Oggi, nel mondo, le aziende dell’“Economia di comunione” sono circa un migliaio; in molti stati esistono associazioni di incontro tra gli imprenditori che vi aderiscono (in Italia c’è stata la prima in ordine di tempo, l’Aipec); molte sono le tesi universitarie, gli studi e i corsi di formazione.
Inoltre, a Loppiano, nei pressi di Firenze, esiste la “Scuola di economia civile”, la cui fondazione parte dall’intuizione dell’Edc, e che ha tra i suoi promotori il professore bolognese Stefano Zamagni. E’ nata per diffondere una cultura economica con “al centro” la persona.

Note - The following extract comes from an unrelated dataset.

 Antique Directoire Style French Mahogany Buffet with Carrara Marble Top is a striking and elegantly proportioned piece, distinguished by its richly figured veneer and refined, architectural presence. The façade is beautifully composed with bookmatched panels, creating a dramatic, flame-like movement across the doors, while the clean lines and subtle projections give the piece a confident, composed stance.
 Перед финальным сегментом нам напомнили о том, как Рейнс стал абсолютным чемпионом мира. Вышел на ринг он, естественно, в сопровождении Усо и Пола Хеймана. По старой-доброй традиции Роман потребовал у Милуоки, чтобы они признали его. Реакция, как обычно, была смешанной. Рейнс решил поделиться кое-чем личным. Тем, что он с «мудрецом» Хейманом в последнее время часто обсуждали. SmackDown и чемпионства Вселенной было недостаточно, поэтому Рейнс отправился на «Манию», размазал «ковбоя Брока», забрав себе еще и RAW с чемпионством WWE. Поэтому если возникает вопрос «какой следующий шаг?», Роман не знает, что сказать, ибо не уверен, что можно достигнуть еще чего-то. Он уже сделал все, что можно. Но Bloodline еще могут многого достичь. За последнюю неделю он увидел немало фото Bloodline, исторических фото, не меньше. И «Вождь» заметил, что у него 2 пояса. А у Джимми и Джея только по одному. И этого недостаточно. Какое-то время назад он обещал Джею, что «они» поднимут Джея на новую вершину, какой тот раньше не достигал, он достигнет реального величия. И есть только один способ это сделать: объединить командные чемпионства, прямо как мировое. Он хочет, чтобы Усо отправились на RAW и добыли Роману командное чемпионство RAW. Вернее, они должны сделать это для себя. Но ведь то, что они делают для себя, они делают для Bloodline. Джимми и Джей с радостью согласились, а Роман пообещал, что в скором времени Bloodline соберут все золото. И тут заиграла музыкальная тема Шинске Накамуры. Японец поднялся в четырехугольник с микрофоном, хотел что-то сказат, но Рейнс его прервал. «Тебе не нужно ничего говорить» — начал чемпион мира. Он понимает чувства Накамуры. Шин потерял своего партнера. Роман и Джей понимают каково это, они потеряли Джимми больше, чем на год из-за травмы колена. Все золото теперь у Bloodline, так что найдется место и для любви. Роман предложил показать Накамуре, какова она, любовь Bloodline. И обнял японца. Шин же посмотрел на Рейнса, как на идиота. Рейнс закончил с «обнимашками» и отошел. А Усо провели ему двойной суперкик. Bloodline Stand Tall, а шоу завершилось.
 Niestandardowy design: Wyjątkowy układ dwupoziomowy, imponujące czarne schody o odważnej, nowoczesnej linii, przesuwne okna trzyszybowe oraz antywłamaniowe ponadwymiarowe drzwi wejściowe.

Come Zamagni sempre precisa, l’individuo è un essere “solo”, che si trova immerso in un mondo disegnato a misura di coloro che lo considerano semplicemente uno dei tanti elementi che compongono uno scenario, il cui unico obiettivo è il guadagno (di pochi, di quell’uno per cento della popolazione che possiede il 90 per cento delle ricchezze mondiali); la persona è, invece, un essere umano, dotato di dignità, che vive di relazioni “interpersonali” e dei cui bisogni si deve occupare un’economia che sia effettivamente civile.
Verso la fine della sua avventura terrena, Chiara Lubich, il cui processo di beatificazione è stato avviato nel gennaio 2015 a Frascati, diocesi ove risiedette nei suoi ultimi anni di vita, ebbe due grandi intuizioni sociali: l’economia di comunione e il movimento politico per l’unità, offrendo così un’ originale ed attuale visione di due dei tre grandi principi che sono a base delle moderne società, l’uguaglianza (che sottende all’Edc) e la fraternità (che deve stare alla base di qualsiasi azione politica). E la libertà? A ciascuno la libera scelta di aderire o meno a questi o a simili progetti.